Ma non è per soffermarmi sui fatti di cronaca che scrivo, quanto piuttosto per sottolineare come, ancora una volta, non si esiti a pubblicare fotografie che invece dovrebbero essere cestinate e che comunque non aggiungono nulla sul piano narrativo della già triste vicenda.
home page di www.gazzetta.it nelle ore immediatamente successive alla tragedia |
Non si tratta di polemica gratuita quanto piuttosto di chiedersi perché si debbano pubblicare fotografie del genere, per dimostrare cosa? Di avere i fotoreporter più rapidi a scattare e soprattutto a inviare le foto? Oppure per descrivere esattamente il tipo di lesioni subite dal povero ciclista. E se vi pare drammatica la fotografia della home, peraltro schiaffata, come di regola, in mezzo a banner pubblicitari della più varia natura (chissà cosa ne pensano i parenti e la famiglia), forse non avete ancora visto la secondo immagine, pubblicata nella pagina che reca la descrizione in tempo reale dell'accaduto
pagina di www.gazzetta.it nelle ore immediatamente successive alla tragedia |
Non posso che riproporre le considerazioni già fatti da Sandro Iovine a proposito della discutibile cronaca recata da "La Prealpina" di dicembre 2010 e di cui a questo post, con in più il magone dettato dai miei trascorsi ciclistici agonistici.

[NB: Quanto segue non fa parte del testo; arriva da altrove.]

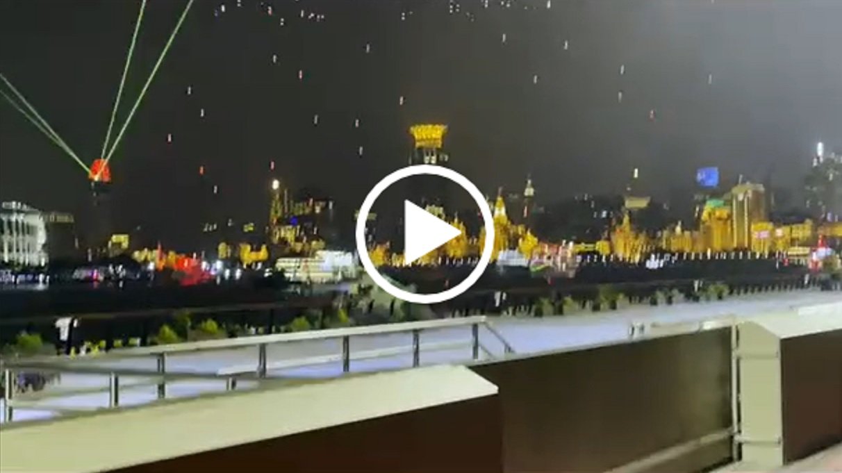 上海外滩数十无人机坠落,砸向豪华游艇、邮轮(图片来源:视频截图)
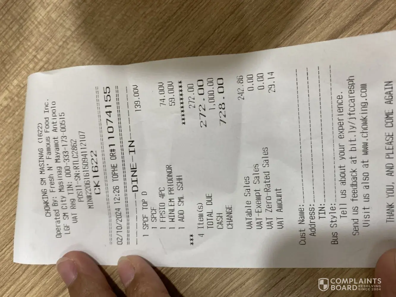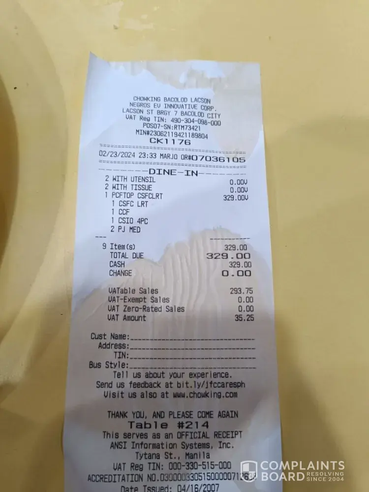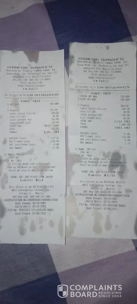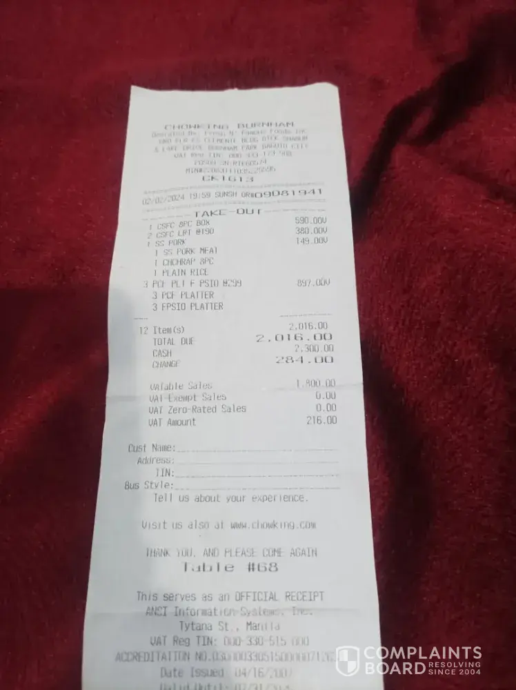 Read full complaintChowking complaints: history and resolution overview
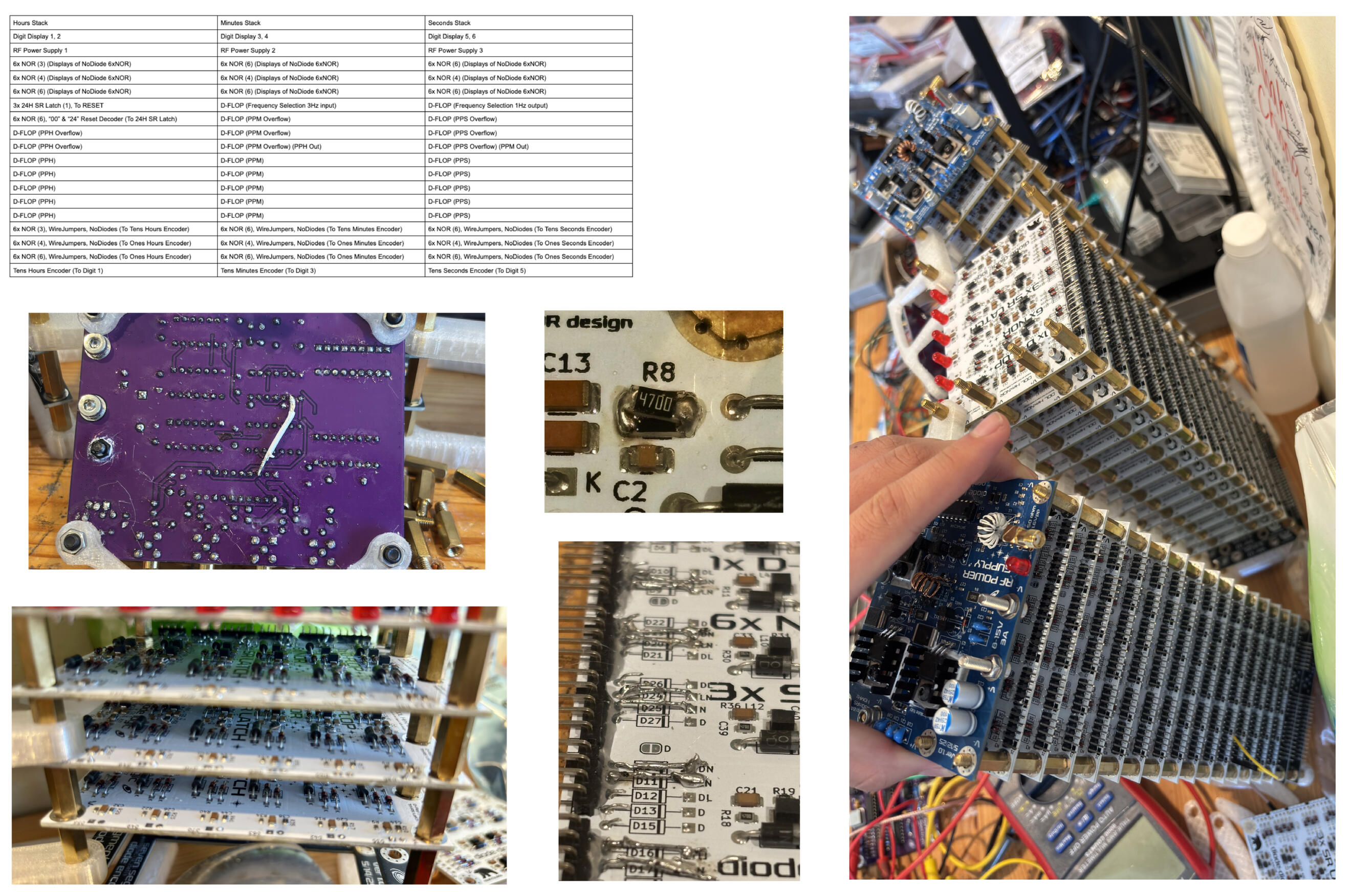I still need to verify frequency divisor performance, build 7-segment displays, and wire everything up and test (via the pin headers on the back of the clock).I created my own logic board configuration guide to wire and stack 48 boards (top left). I removed redundant input protection diodes and LED outputs on the boards driving the diode encoders (bottom left and middle pictures). I increased output power for these boards as well by decreasing resistance between RF power and output (stacking another resistor on top of R8; middle picture). I debugged issues during assembly, like a missed connection on the purple signal generator, blown MOSFETS on the RF power supply, and faulty diodes on some of the logic boards.I now have a better understanding of discrete circuits, basic logic, and low MHz RF systems. I’m thankful to Yapo for putting his project on Hackaday, and I’m excited to continue building.
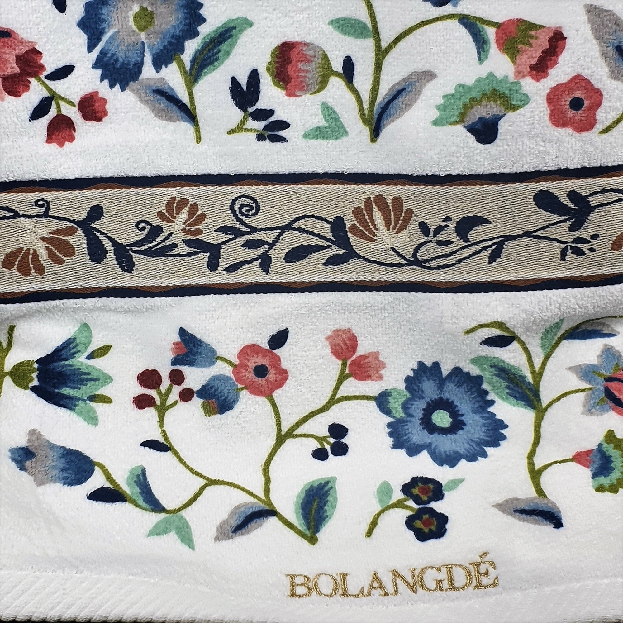 Полотенце для ванной махровое банное большое, велюровое BOLANGDE, 100% хлопок, рисунок цветы, Япония Васильки 70х140, белый/оранжевый/зеленый 1 шт
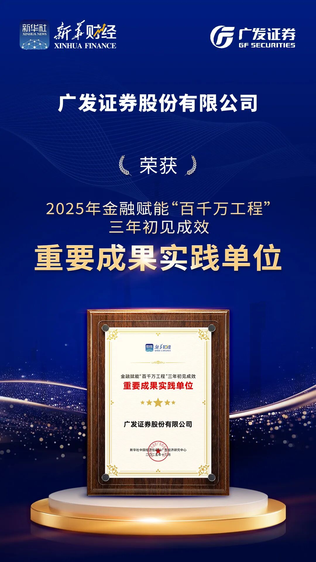 12月9日,由 新华通 讯社品牌工作办公室、 新华通 讯社广东分社和 中国经济信息社 共同主办的2025明珠湾气候投融资大会在广州南沙隆重举办。会议现场,正式发布了广东金融赋能“百千万工程”的重要成果《金融活水润泽南粤——2025年广东金融赋能“百千万工程”三年初见成效专题报告》,并重点表彰了过去三年在“百千万工程”实践中表现突出的银行业、保险业、证券业机构,启动了2026年金融赋能“百千万工程”走深走实暨产融对接项目库活动。 广发证券 凭借在赋能“百千万工程”、助力乡村振兴方面的创新实践与突出成效,获评“金融赋能‘百千万工程’三年初见成效重要成果实践单位”。
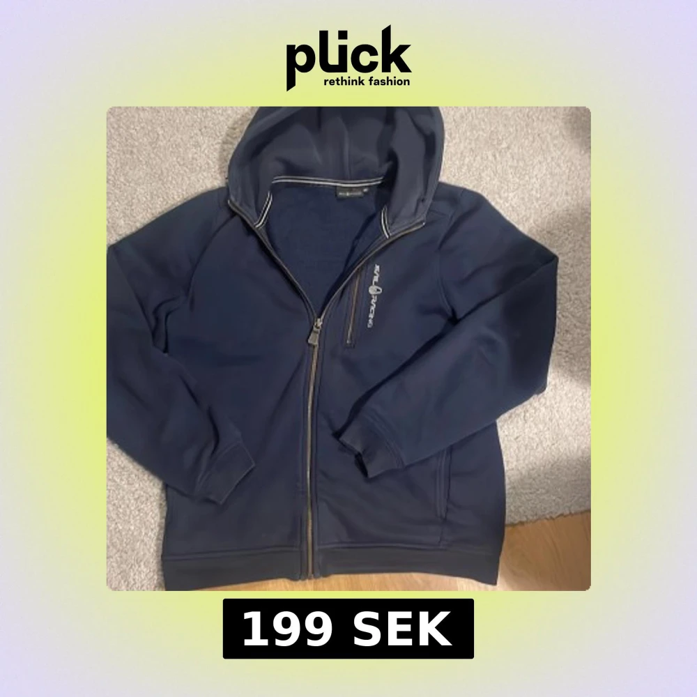 Säljer en snygg mörkblå hoodie från Sail Racing med dragkedja och huva. Perfekt för kyliga dagar. Den har långa ärmar och en stilren design med logotyp på bröstet. Passar både till vardags och mer avslappnade tillfällen. Tyvärr finns det ett litet hål vid luvan som man inte tänker på. Pris går att diskuteras.
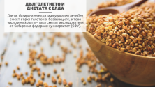Учени разкриха пред света кои хранителни вещества снабдяват нашето тяло с добилия наскоро популярност „протеин на дълголетието”. Според тях редовният прием на елда повишава съдържимото количество на протеин SIRT1 и подпомага ефективността на множество жизнени функции и клетъчни процеси. Научният труд и придружаващите го резултати са публикувани в „Journal of Cereal Science”.
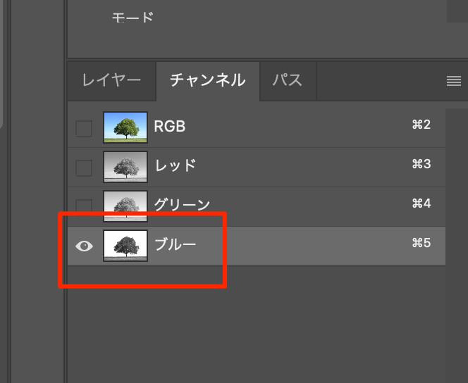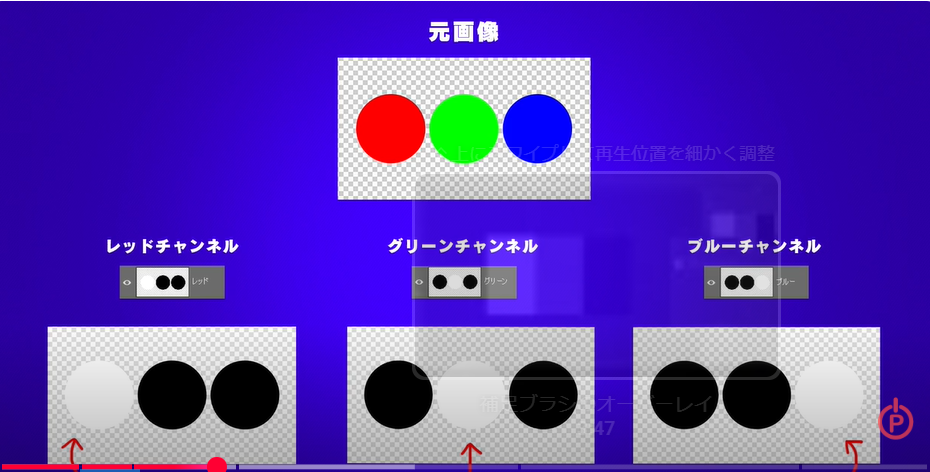 - カラーチャンネルはその色がたくさん含まれていると白、そうでない場合は黒で表示される
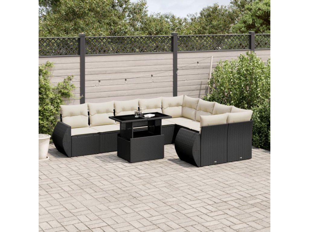 10dílná zahradní sedací souprava s poduškami černá polyratan 3268756
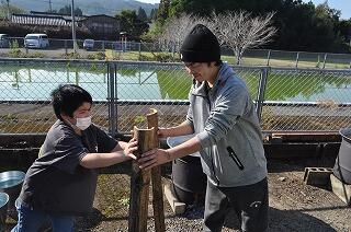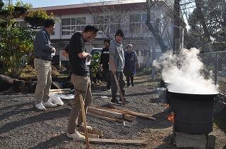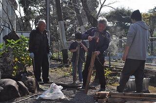 外ではそばつゆ作りの準備で、まずは薪を用意しています。
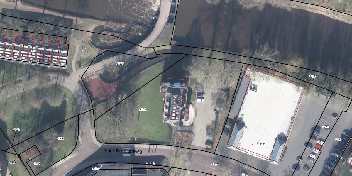 Het perceel waarop Prins Bernhardweg 7 staat heeft een oppervlakte van 2975 m². Dit is een zeer groot perceel. De perceeloppervlakte wordt geregistreerd door het Kadaster. Gedetailleerde informatie over de maten van dit perceel kunt u vinden in het rapport Kadastrale kaart met maatvoering van Prins Bernhardweg 7.
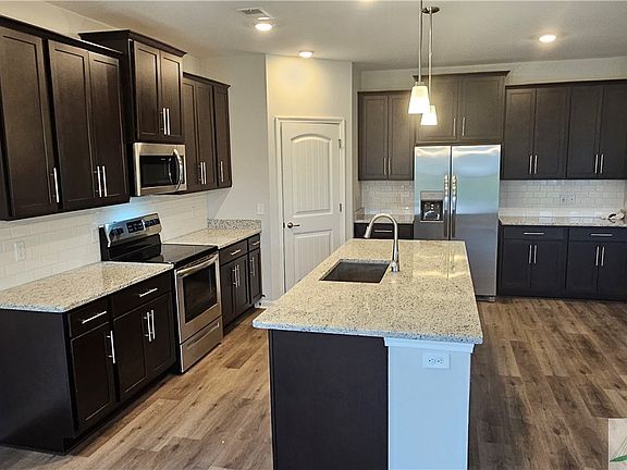 Savannah's most trusted local builder is proud to offer our Pinehurst II plan. This home has some excellent features and upgrades including an upgraded front look "Elevation LE", covered back porch with concrete patio extension, separate tile shower and separate garden tub with tile surround in primary bathroom, garage door opener with 2 remotes, pendant lights above kitchen island, large single kitchen sink, click plank wood look flooring in main living area and wet areas, 42" cabinet uppers in kitchen, upgraded cabinets, granite tops in Kitchen, quartz tops in full bathrooms, tray ceiling in primary bedroom and wood treads on stairs. Home is finished and ready now. Pictures, features, and selections shown are for illustration purposes and may vary from the home built. All builder incentives applied.

So bene cosa significa affrontare una discesa a 80/100Km/h dopo 100/150 km di corsa nelle gambe, basta un niente per farla finita. La bicicletta che scorre velocissima su 3 cm quadrati di gomma a contatto con l'asfalto e il tentativo di tenere massima la concentrazione, con la consapevolezza che la minima disattenzione può essere fatale. Oggi lo è stata, così come il 18 luglio 1995 al Tour de France fu fatale al nostro Fabio Casartelli.
Tragedie... Che meritano rispetto, silenzio e rispetto. E invece vengono celebrate con la mercificazione dell'immagine tragica che ripaga con milioni di clic alla pagina e tanti bei soldoni nelle casse di Gazzetta.it.
Così non si fa.
1 commento:
Vedere l'immagine dell'incidente è sicuramente la curiosità di ogni lettore che, come me, ha saputo via internet dell'accaduto.
Sapere però che la curiosità di conoscere "visivamente" la dinamica dell'incidente o un particolare della tragedia venga usata per riempirsi le tasche di soldi, non è bello.
Si tratta pur sempre di una "disattenzione" che è costata la vita ad una persona prima che ad un atleta. Riposa in pace Wouter.